European Restructuring: migration and jurisdictional arbitrage

More food for thought in a post by John Armour on the Credit Slips blog.

I agree with the conclusion that:

"we're going to see a number of the highly leveraged buyouts that run into difficulty winding up in formal bankruptcy proceedings, after a workout has been attempted and failed".

And this may well lead to attempts to reform some European bankruptcy codes.

It will also promote and no doubt extend the migration concept (previously discussed here).

Moving a COMI (centre of main interests) to a jurisdiction where the insolvency regime is more suited to concluding a successful restructuring not only can be done, but can add huge value to the restructuring.

Administration is no better for creditors than receivership

In a post on an academic US blog about credit and bankruptcy, Credit Slips: Corporate Bankruptcy Costs and Recoveries in the UK, John Armour points out the results of his research into whether creditor control is better concentrated in the hands of a single creditor (receivership) or creditors generally (administration).

He concludes that there is no net difference as a result of two opposing factors:
there are higher gross realisations in administrations - due, Armour suggests, to higher accountability to junior creditors incentivising administrators to maximise realisations;

but dispersed creditor governance allows administrators to charge retail fee rates rather than the lower wholesale rates negotiated by secured creditors.
Intuitively, the explanation of higher administration realisations works at the margins. An administrator has a statutory priority of objectives and "getting the bank out" is last (as opposed to being the sole objective in receiverships).
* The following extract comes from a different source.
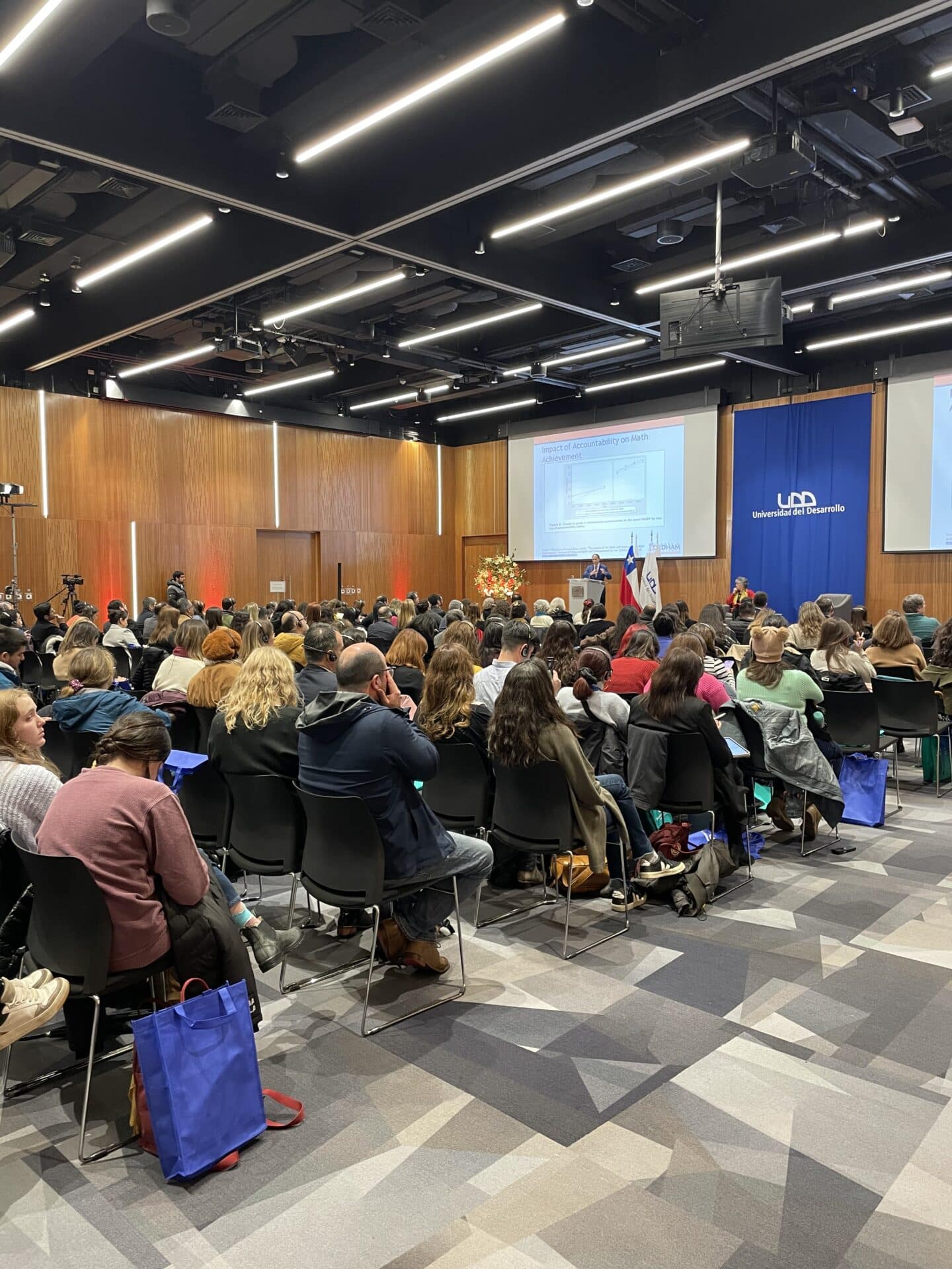 El seminario comenzó con las palabras de nuestra Directora Ejecutiva, Bettina Horst, quien dio la bienvenida poniendo el foco en los desafíos y consecuencias que ha sufrido el sistema escolar después de la pandemia. Luego, el rector de la Universidad del Desarrollo, Federico Valdés, comentó los problemas en educación.

But the retail/wholesale fees rationale is less persuasive. Bank panel firms are not always able simply to abandon wholesale rates once the bank is repaid. The fact is that administrations, with their heavier burden of broad obligations to creditors, including significant additional statutory reporting and compliance requirements, and a primary duty to have the company and its business continue as a going concern if possible, are simply more complex and costly procedures than receiverships.